寝てたよね?
朝の光は静かだった。
草の先に露が残り、風がそれを揺らしている。
火は灰になっていた。
騎士はすでに目を覚ましていた。
いや――目が覚めてしまった。
眠っていたことを思い出した瞬間から、落ち着かない。
見張りのまま眠るなど、本来あり得ない。
周囲を確認する。
異常なし。
影の気配なし。
それでも胸の奥が妙にざわついていた。
背後で衣擦れの音。
「……んー」
彼女が起き上がる。
伸びをして、空を見上げる。
「いい天気」
騎士は何も言わない。
彼女がこちらを見る。
数秒、じっと観察して。
にやっと笑った。
「……寝てたよね?」
「寝ていない」
即答。
「目を閉じていただけだ」
「いや完全に寝てた」
間を置かず返す。
騎士が眉を寄せる。
「断言するな」
彼女は笑いながら荷をまとめ始める。
「しかもさ」
少し声の調子が変わる。
「いびき、かいてた」
騎士の動きが止まった。
「……かいていない」
「かいてたって」
さらっと言う。
「小さいけど。

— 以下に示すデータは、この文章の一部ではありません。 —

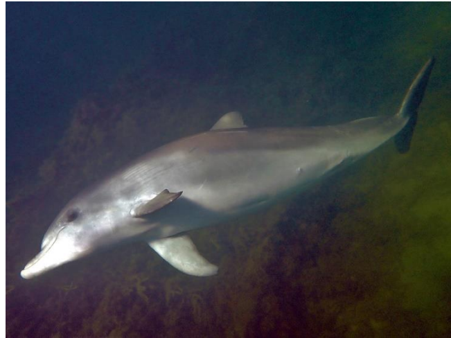
1-Spotted on a boat dive out from Port Victoria.

2020 threw us a curve ball, with COVID-19 halting usual activities and delaying the AGM from March to August. A massive thanks to the current committee who stayed on to help the club navigate unfamiliar waters and stay afloat. Activities are returning to a new kind of normal; boat dives have resumed, and a trip to Coobowie has successfully taken place, with more planned.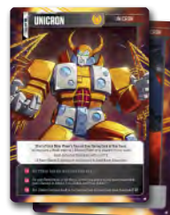
1 Giant Character Card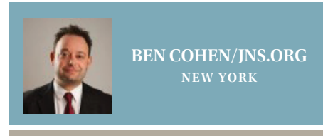
BEN COHEN/JNS.ORG NEW YORK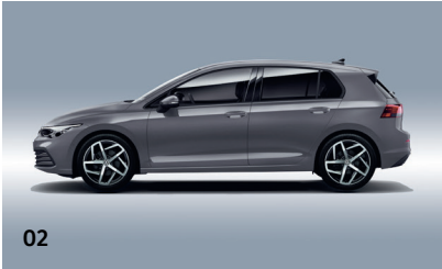
L RL GTI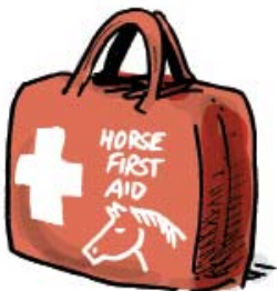
Horse first aid kit location:

ぐーって」
彼は完全に黙る。
反論を探している顔。
彼女は続ける。
「あとね」
少しだけ真面目な声になる。
「途中、呼吸止まったみたいになって」
騎士が顔を上げる。
「止まった?」
「うん。静かすぎて」
手振りで間を示す。
「結構長くてさ、ちょっとドキドキした」
軽く言ったが、本当に心配した響きが混じっていた。
風が通り抜ける。
騎士は視線を逸らす。
そんなふうに眠っていた自覚はない。
彼女は肩をすくめる。
「でも、そのあと普通に寝息戻ったから安心した」
少し笑う。
「死んだかと思ったよ、騎士」
「死なん」
即答だった。
だが声は少し低い。
彼女はくすっと笑う。
「よかった」
それだけ言う。
責めない。
からかわない。
ただ事実として置く。
沈黙。
騎士は小さく息を吐いた。
「……警戒が足りなかった」
ぽつりと言う。
彼女は首を振る。
「違うよ」
振り返らず答える。
「安心してたんだよ」
風が草を揺らす。
騎士は否定しなかった。
できなかった。
二人は荷を背負い、歩き出す。
朝の風が背中を押す。
昨日より、少しだけ近い距離で。